Part of the role is as follows,
The Trust will require the Executive Board to draw up and submit for approval Election Guidelines and Referendum Guidelines. Election Guidelines will include a code of practice for elections regarding the participation of candidates in items about the electoral area during the election period.14 Referendum Guidelines give editorial guidance in relation to coverage of referendum campaigns. The Trust will review and, when it is satisfied, approve the Guidelines, which may be subject to public consultation.
In general it will,
will monitor and hold the Executive Board to account for the BBC’s compliance with the BBC Editorial Guidelines and other relevant codes and guidelines.
So why not Lord Patten? Because he is a former EU Comissioner, and therefore is in receipt of the EU pension which requires that according to article 213 of the EU Treaty Commissioners,
When entering upon their duties they shall give a solemn undertaking that, both during and after their term of office, they will respect the obligations arising therefrom and in particular their duty to behave with integrity and discretion as regards the acceptance, after they have ceased to hold office, of certain appointments or benefits. In the event of any breach of these obligations, the Court of Justice may, on application by the Council or the Commission, rule that the Member concerned be, according to the circumstances, either compulsorily retired in accordance with Article 216 or deprived of his right to a pension or other benefits in its stead.
If he wants to keep his pension he must behave in such a way that suits the EU. This is a memorable exchange between Lord Kinnock and Lord Pearson on the subject back in 2008,
Lord Kinnock: My Lords, before the noble Lord does so, perhaps I may ask him as a point of honour, since I have been listening to him from beyond the Bar, that when he expresses a desire to ensure that future students have an accurate understanding of what is going on, it is necessary to record, first, that I thought that he was a man of honour and would not give himself to sentiments such as those he has just expressed; and, secondly, that there is nothing that I have ever taken from anyone that would begin to influence the judgment that I exercise as a parliamentarian.

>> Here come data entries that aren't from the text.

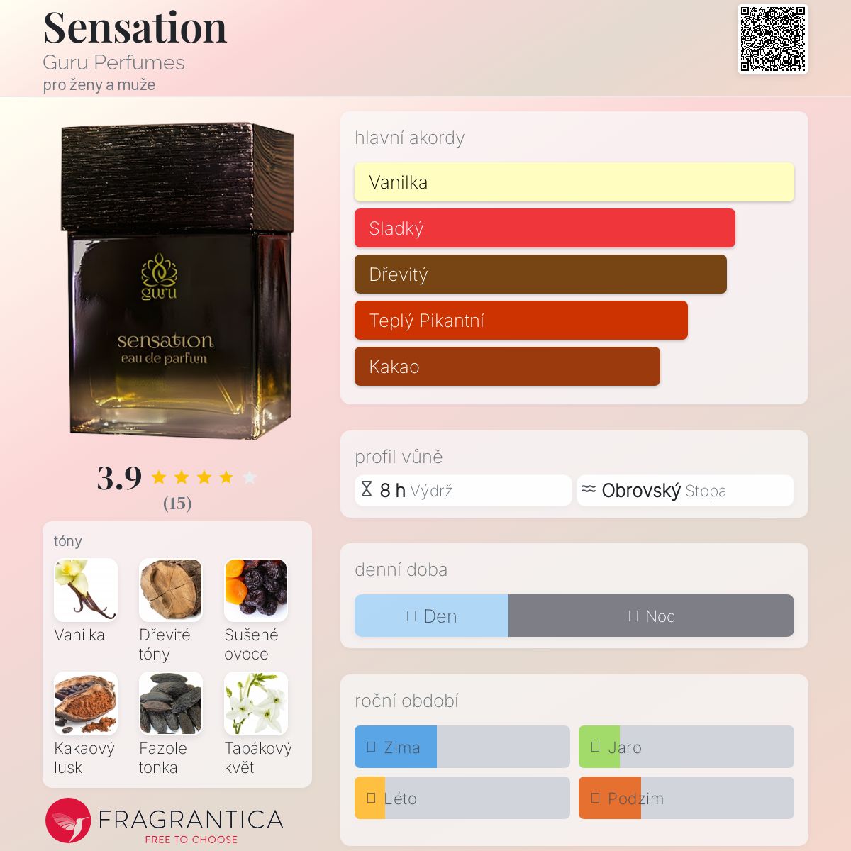 Sensation podle Guru Perfumes je Orientální Vanilla vůně pro ženy a muže. Sensation byl/a uveden/a v roce 2017. Vrchní tóny jsou Tabákový list a Kořeněné tóny; střední tóny jsouVanilka, Kakaový lusk, Fazole tonka a Tabákový květ ; základní tóny jsou Dřevité tóny a Sušené ovoce.
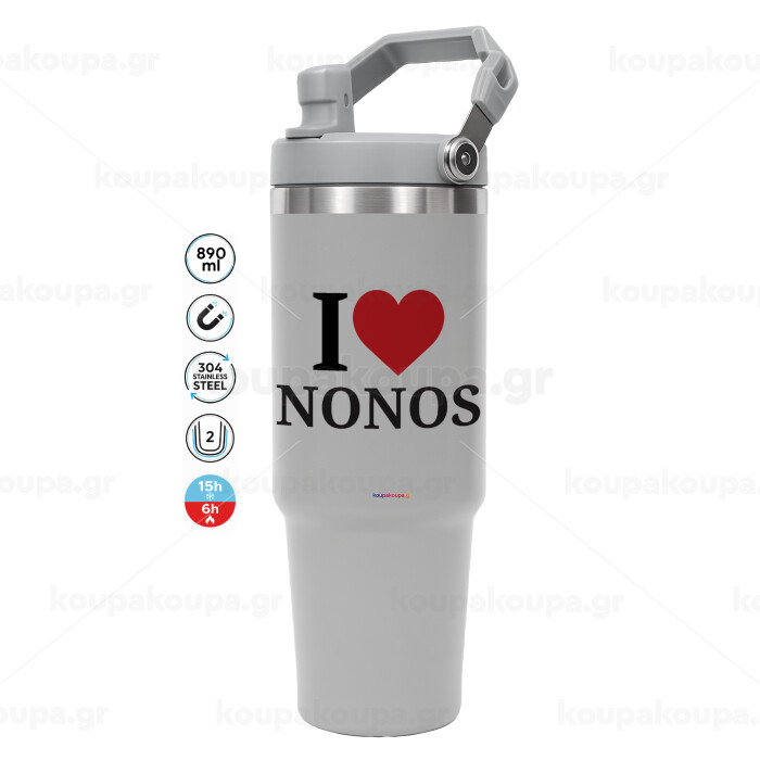 I Love ΝΟΝΟΣ, GREY color, 890ml (30oz) stainless Steel Tumbler with Handle
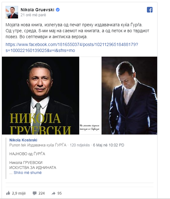 “Libri im i ri, del nga shtypi përmes shtëpisë botuese Gjurgja. Prej nesër, e mërkurë, 8 maj në panairin e librit, ndërsa nga e premtja në treg. Në shtator edhe version anglez”, ka shkruar ish kryeministri Gruevski në “Facebook”.

Lord Pearson of Rannoch: My Lords, the noble Lord would say that, wouldn’t he?

Noble Lords: Shame!

Lord Pearson of Rannoch: My Lords, he may well believe it.

Noble Lords: Withdraw!

Lord Pearson of Rannoch: No, my Lords; I do not withdraw the fact that if one is in receipt of a pension that one can lose, it must influence the way in which one thinks and speaks.

I am sure that Lord patten would say that too. But the suspicion is that he is like the rest of us and would be affected by the threat of the loss of his pension.